Call me if interested


----------



## cichlidsguy23 (Aug 12, 2012)

Yeah i have convict cichlids and i sometimes feed them guppies and i find guppie parts on the bottom and i hope if i get snails they would eat them before the decay and polute the water. No live plants. I would like to get lots of little ones because i hope to get some puffers soon.


----------



## ibbica (Nov 20, 2012)

With no plants and plans for snail-eaters, you're in luck! :bigsmile: Any of the common snails should fit the bill - pond snails (some species can get big, though), mts (stay small), or ramshorn (stay small). There will very likely be folks willing to give you a bunch of whichever one(s) strikes your fancy for cheap-as-free - most are just a little *too* easy to breed 

If you don't like the looks of any of those, you'll probably be looking at getting into 'costs a finger or two' territory, at least.
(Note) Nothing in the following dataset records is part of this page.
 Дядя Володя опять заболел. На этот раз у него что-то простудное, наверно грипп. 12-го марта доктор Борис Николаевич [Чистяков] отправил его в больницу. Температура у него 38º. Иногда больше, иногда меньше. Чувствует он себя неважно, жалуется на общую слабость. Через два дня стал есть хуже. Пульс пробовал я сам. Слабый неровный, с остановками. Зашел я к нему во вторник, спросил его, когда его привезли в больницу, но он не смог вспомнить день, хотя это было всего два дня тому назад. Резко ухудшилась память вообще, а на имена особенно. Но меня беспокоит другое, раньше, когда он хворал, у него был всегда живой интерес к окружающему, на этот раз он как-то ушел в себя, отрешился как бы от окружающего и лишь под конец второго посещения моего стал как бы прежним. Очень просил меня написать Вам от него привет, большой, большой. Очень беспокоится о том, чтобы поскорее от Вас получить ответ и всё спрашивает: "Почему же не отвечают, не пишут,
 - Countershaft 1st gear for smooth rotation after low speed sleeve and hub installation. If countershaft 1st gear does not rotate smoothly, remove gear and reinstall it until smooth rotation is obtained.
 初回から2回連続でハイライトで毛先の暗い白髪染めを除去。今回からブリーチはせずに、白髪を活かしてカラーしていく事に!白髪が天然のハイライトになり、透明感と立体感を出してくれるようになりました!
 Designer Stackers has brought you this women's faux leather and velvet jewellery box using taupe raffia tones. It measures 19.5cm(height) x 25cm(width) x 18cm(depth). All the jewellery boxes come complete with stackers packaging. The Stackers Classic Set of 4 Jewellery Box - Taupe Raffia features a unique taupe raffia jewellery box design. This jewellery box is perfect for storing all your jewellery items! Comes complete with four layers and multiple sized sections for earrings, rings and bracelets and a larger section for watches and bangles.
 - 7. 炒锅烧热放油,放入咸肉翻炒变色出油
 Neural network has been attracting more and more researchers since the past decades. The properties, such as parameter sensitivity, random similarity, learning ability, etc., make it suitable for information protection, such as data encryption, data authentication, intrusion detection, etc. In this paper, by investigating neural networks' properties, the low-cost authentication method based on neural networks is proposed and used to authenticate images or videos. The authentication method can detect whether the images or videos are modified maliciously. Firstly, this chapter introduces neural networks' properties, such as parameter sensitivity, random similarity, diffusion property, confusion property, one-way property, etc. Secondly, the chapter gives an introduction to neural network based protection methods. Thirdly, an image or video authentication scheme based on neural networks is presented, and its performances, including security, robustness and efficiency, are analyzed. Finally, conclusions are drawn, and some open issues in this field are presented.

But see what you can find in the classified here.. You could also take a look at some marine snails; I've heard tell that some of them *can* be transitioned to freshwater... but I don't know much more than that


----------



## roshan (Jul 19, 2010)

i would suggest some Nerites, they are small but if u have them in brackish water they will breed, mine are always laying eggs, but since my tank is not brackish the eggs just calcify, great looking too especially Onion snails, i also have two blue Mystery snails and two orange ones, they are really busy at night but i have not bred yet.


----------